Navigating Federal Information Processing Standards in Azure Kubernetes Service

Organizations that operate in highly sensitive data domains have to often validate the use of FIPS(Federal Information Processing Standards) Level 2 compliant concerns throughout adoption of multiple technologies. This blog is intended to show the use of Azure Kubernetes Service FIPS Enablement along with the brief understanding of FIPS and uses. FIPS Levels are represented as a standard that defines minimum security requirements for cryptographic modules in information technology products and systems. As your organization starts to migrate to containerized applications across cloud platforms its likely you’ll encompass the question of how much security does the provider enable organizations and what do they provide? Azure Kubernetes Service supports FIPS 140-2 with Linux and Windows Node Pools you can have this enabled at creation or segment that part of your cluster by adding an additional node pool with FIPS Compliant nodes. From a practitioner standpoint you have to know FIPS 140-3 has superseded FIPS 140-2. The Cryptographic Module Validation Program (CMVP) is a joint effort of NIST has provided a searchable list to validate vendors against cryptographic modules shown below to demonstrate Microsoft on this list.
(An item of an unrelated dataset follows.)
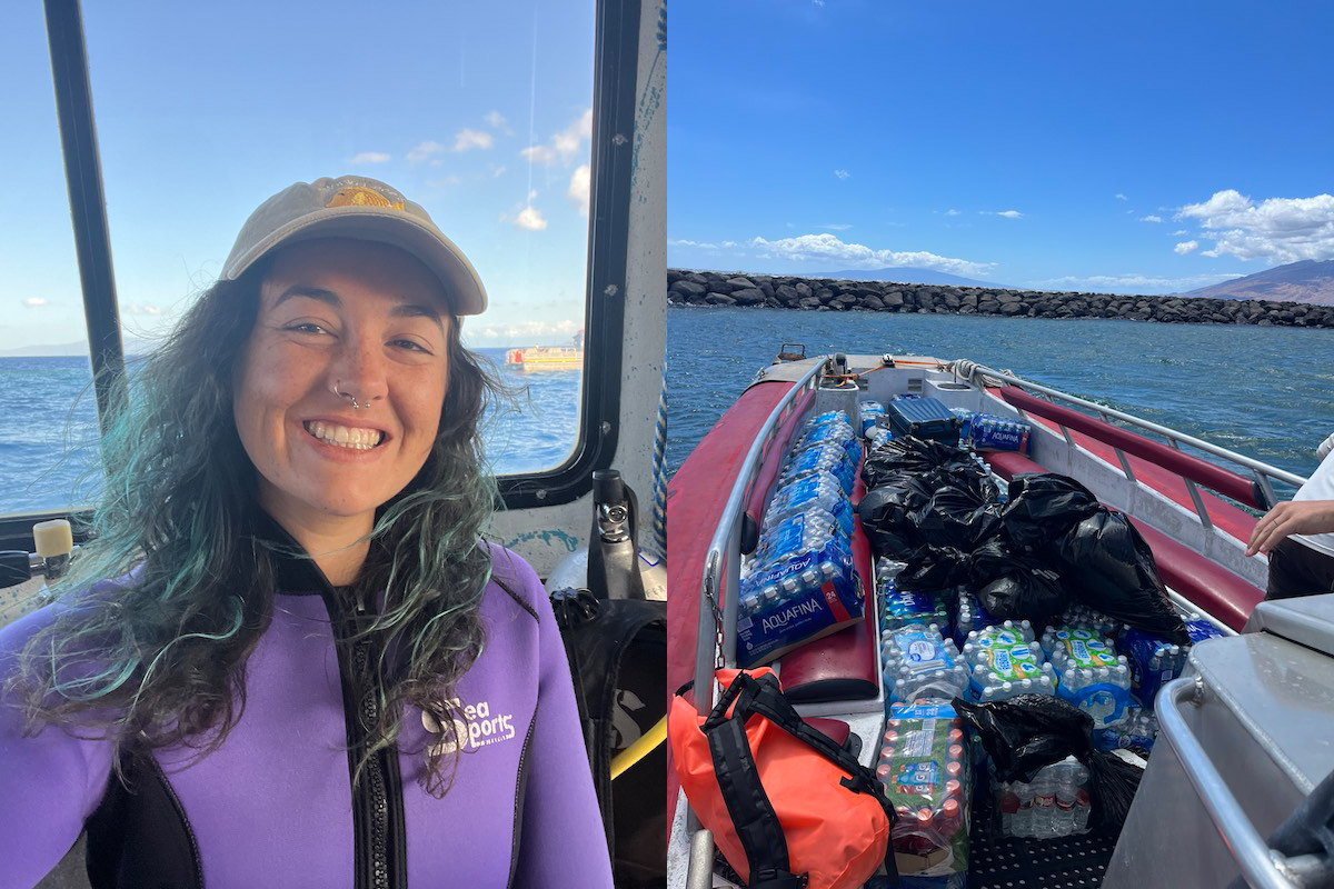 On Sunday, Peyton volunteered with a group of residents to deliver supplies on a snorkel charter boat to Lahaina.

Azure Kubernetes FIPS-Enabled Node

AKS offers a simple way of ensuring you running nodes that are FIPS Level 2 compliant, you can simply run the parameter from the command line as shown below or you can be complex like myself and use terraform as Infrastructure as Code.

module "aks" {
  source                            = "Azure/aks/azurerm"
  version                           = "7.5.0"
  resource_group_name               = azurerm_resource_group.aks.name
  kubernetes_version                = var.kubernetes_version
  orchestrator_version              = var.kubernetes_version
  prefix                            = "aks-chaos-mesh"
  network_plugin                    = "kubenet"
  vnet_subnet_id                    = lookup(module.aks-vnet.vnet_subnets_name_id, "subnet0")
  os_disk_size_gb                   = 50
  sku_tier                          = "Standard" # defaults to Free
  private_cluster_enabled           = false
  rbac_aad                          = var.rbac_aad
  role_based_access_control_enabled = var.role_based_access_control_enabled
  http_application_routing_enabled  = false
  enable_auto_scaling               = true
  enable_host_encryption            = false
  log_analytics_workspace_enabled   = false
  agents_min_count                  = 1
  agents_max_count                  = 3
  agents_count                      = null 
  agents_max_pods                   = 100
  agents_pool_name                  = "system"
  agents_availability_zones         = ["1", "2"]
  agents_type                       = "VirtualMachineScaleSets"
  agents_size                       = var.agents_size
  workload_identity_enabled         = true
  oidc_issuer_enabled               = true
  default_node_pool_fips_enabled    = true

  agents_labels = {
    "nodepool" : "defaultnodepool"
  }

  agents_tags = {
    "Agent" : "defaultnodepoolagent"
  }

  ingress_application_gateway_enabled = false

  network_policy             = "calico"
  net_profile_dns_service_ip = "10.0.0.10"
  net_profile_service_cidr   = "10.0.0.0/16"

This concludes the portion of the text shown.